None of this comes easy.

Be forewarned, ye who would be entertained herein therefore:

Life is Terminal.

And insofar as words may live a while, these too will pass, as kidney stones of intellect/accidents of time and circumstance, courtesy of this website and your mind.

You see, I had this dream. I was minding my own business in the half-lit corridor of my subconscious when—from where who knows?— a large, suspicious, slightly unkempt, but for all of that, impressive flower blossomed right before me.

I did not panic. I know my limitations. Flowers, short of some exotic man-eating types you’ll find in books, usually bear no ill will.

Time being the essence, the flower made good use of it:

"Push your erudition!"

it said, and then it died, neatly and completely, like yesterday’s news in Flanders Fields.

Well, I thought upon awakening, coffeed-up and sitting down to write, I’ve heard people make a lot less sense.

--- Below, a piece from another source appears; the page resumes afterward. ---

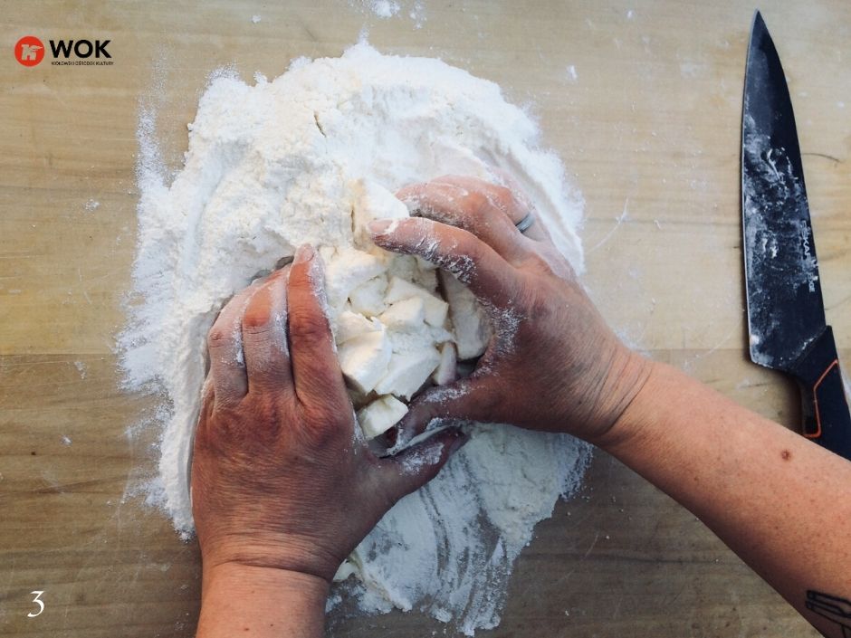 • Palcami rozgniataj kawałki masła, łącząc je z mąką i cukrem, wygniataj ręką do całkowitego połączenia. Im dłużej wygniatasz, tym szybciej łączą się składniki.

Let’s examine these echoes of dead petals for something like a meaning.

There’s a new mythology afoot. Courtesy of DC Comics, Hallowed Networks, Whisperings in Shopping Centers and a Thousand Other Places:

Tolerate in silence all assaults upon your senses. Pursue your mindless pleasures. Clasp to your maiden forms commercials in bad taste. Believe the lie, no matter what.

Reality is programmed by idiotic hustlers, channeled into overpriced homes by actors without conscience, politicos with bad breath, policemen and producers without souls.

Had the flower of my dream but lived another minute, it might've added to its abstract this epitome of our epoch:

We are the best-educated generation in the history of man. We have questioned outer space, inner peace, circumreferential time. We know, make no mistake, the meaning of it all: To live. To grow. To survive with good intention the villains of our world.

BRAIN TAKES BRAWN IN BEST OF SEVEN SERIES

It is for us only to exclaim: "NO! I know the truth! I have searched it out in first grade. Considered it on bus stops, in the company of strangers, and I’ve seen it right before me in the winds of change, the rhyme of season, in the sun and in the night."

We are all sentient beings. We know more than we think. In the space between knowledge and action there lies the trap of thought. It can catch us up. Shoot us down. Burn us out. Turn us round. It can divide us—forever and for all time—from the flower of our being, as the Wall divides the garden from the plane of the unknown.

In the course of daily living—think of all we are.

In consideration of the past tense—think of what we were.

In contemplation of the future—consider what we’ll be.

To compose the collective poem of our city, you must:

PUSH YOUR ERUDITION!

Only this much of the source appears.